____ DATASET EXCERPTS

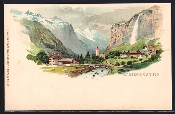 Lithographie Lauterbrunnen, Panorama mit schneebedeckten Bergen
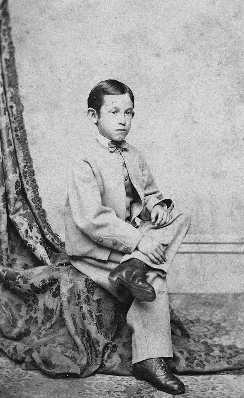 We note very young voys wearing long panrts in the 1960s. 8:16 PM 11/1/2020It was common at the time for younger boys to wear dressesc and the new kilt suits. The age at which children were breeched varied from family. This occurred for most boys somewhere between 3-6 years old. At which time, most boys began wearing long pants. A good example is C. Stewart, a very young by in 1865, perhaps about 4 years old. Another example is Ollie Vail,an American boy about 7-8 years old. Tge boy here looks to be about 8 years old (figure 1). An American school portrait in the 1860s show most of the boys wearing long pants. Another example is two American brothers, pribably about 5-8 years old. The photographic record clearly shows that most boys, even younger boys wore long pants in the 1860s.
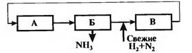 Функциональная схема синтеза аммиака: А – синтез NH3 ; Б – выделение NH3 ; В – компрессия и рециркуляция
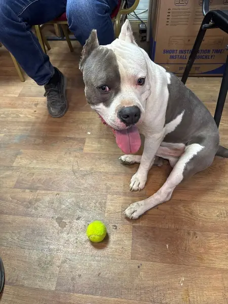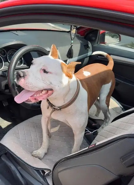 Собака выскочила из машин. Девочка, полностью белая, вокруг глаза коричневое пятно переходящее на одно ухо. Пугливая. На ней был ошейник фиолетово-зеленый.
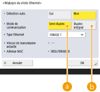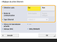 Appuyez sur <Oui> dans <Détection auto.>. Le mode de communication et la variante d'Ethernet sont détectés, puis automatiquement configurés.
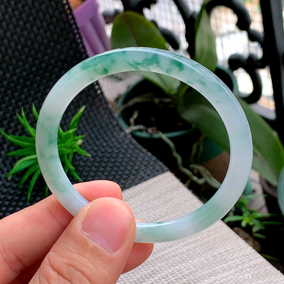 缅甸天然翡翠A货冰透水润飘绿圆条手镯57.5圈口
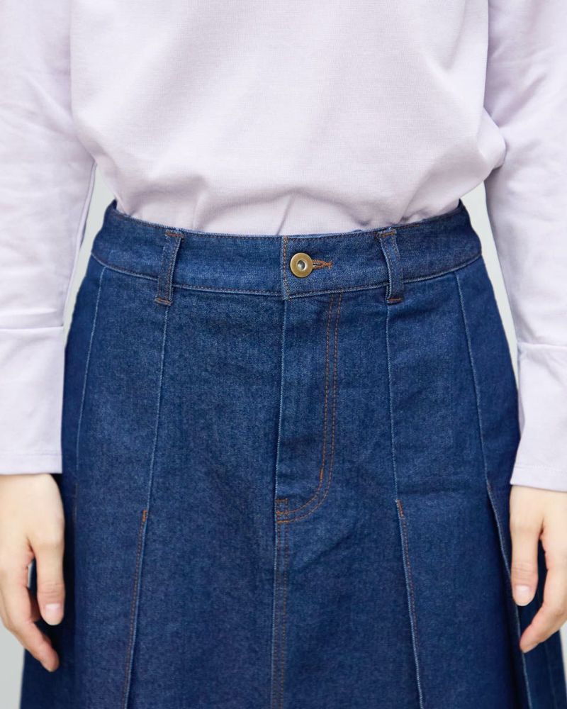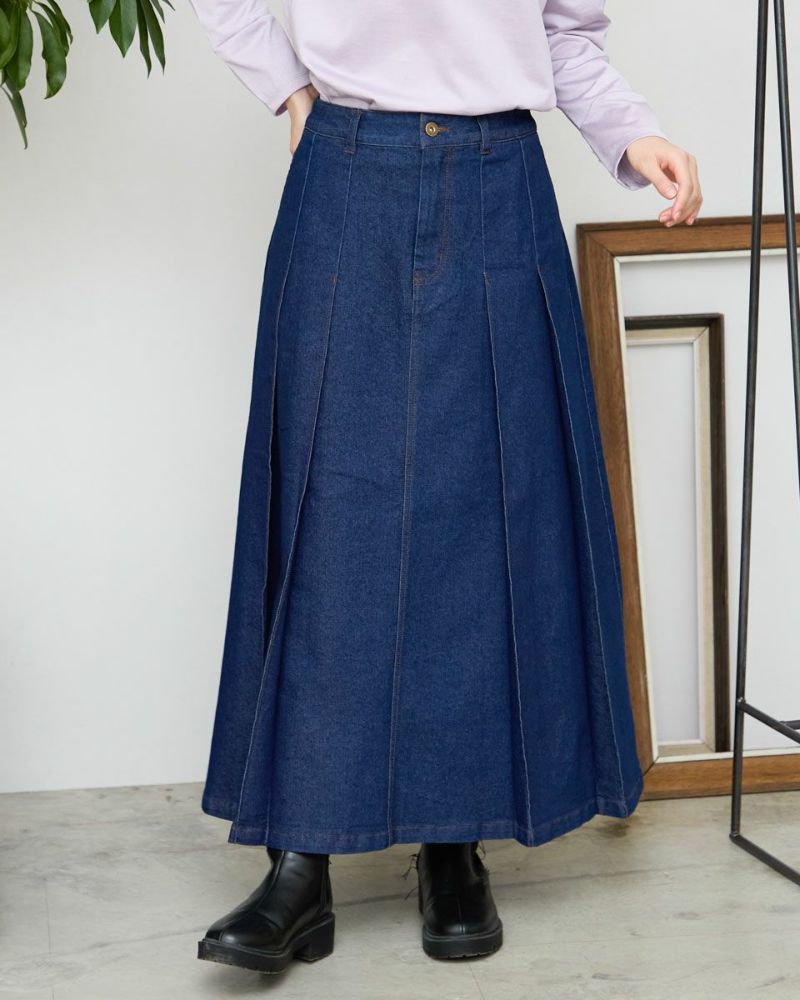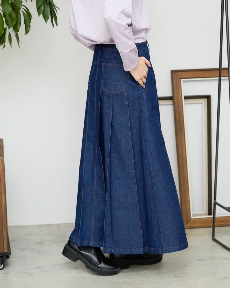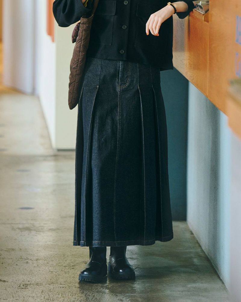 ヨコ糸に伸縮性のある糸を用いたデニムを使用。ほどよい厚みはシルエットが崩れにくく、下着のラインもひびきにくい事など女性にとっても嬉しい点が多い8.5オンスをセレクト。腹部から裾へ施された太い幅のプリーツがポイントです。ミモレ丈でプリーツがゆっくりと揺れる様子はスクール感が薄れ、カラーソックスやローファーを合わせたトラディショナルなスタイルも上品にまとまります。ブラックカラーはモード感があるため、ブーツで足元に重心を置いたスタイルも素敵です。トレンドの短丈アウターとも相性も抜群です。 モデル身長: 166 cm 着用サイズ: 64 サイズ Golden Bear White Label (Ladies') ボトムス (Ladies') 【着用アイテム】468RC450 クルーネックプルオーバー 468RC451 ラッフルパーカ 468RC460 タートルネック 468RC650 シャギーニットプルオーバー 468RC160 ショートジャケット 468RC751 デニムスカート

________

All of the material above is to be copied exactly, with no pictures.

 Lithographie Lauterbrunnen, Panorama mit schneebedeckten Bergen
 We note very young voys wearing long panrts in the 1960s. 8:16 PM 11/1/2020It was common at the time for younger boys to wear dressesc and the new kilt suits. The age at which children were breeched varied from family. This occurred for most boys somewhere between 3-6 years old. At which time, most boys began wearing long pants. A good example is C. Stewart, a very young by in 1865, perhaps about 4 years old. Another example is Ollie Vail,an American boy about 7-8 years old. Tge boy here looks to be about 8 years old (figure 1). An American school portrait in the 1860s show most of the boys wearing long pants. Another example is two American brothers, pribably about 5-8 years old. The photographic record clearly shows that most boys, even younger boys wore long pants in the 1860s.
 Функциональная схема синтеза аммиака: А – синтез NH3 ; Б – выделение NH3 ; В – компрессия и рециркуляция
 Собака выскочила из машин. Девочка, полностью белая, вокруг глаза коричневое пятно переходящее на одно ухо. Пугливая. На ней был ошейник фиолетово-зеленый.
 Appuyez sur <Oui> dans <Détection auto.>. Le mode de communication et la variante d'Ethernet sont détectés, puis automatiquement configurés.
 缅甸天然翡翠A货冰透水润飘绿圆条手镯57.5圈口
 ヨコ糸に伸縮性のある糸を用いたデニムを使用。ほどよい厚みはシルエットが崩れにくく、下着のラインもひびきにくい事など女性にとっても嬉しい点が多い8.5オンスをセレクト。腹部から裾へ施された太い幅のプリーツがポイントです。ミモレ丈でプリーツがゆっくりと揺れる様子はスクール感が薄れ、カラーソックスやローファーを合わせたトラディショナルなスタイルも上品にまとまります。ブラックカラーはモード感があるため、ブーツで足元に重心を置いたスタイルも素敵です。トレンドの短丈アウターとも相性も抜群です。 モデル身長: 166 cm 着用サイズ: 64 サイズ Golden Bear White Label (Ladies') ボトムス (Ladies') 【着用アイテム】468RC450 クルーネックプルオーバー 468RC451 ラッフルパーカ 468RC460 タートルネック 468RC650 シャギーニットプルオーバー 468RC160 ショートジャケット 468RC751 デニムスカート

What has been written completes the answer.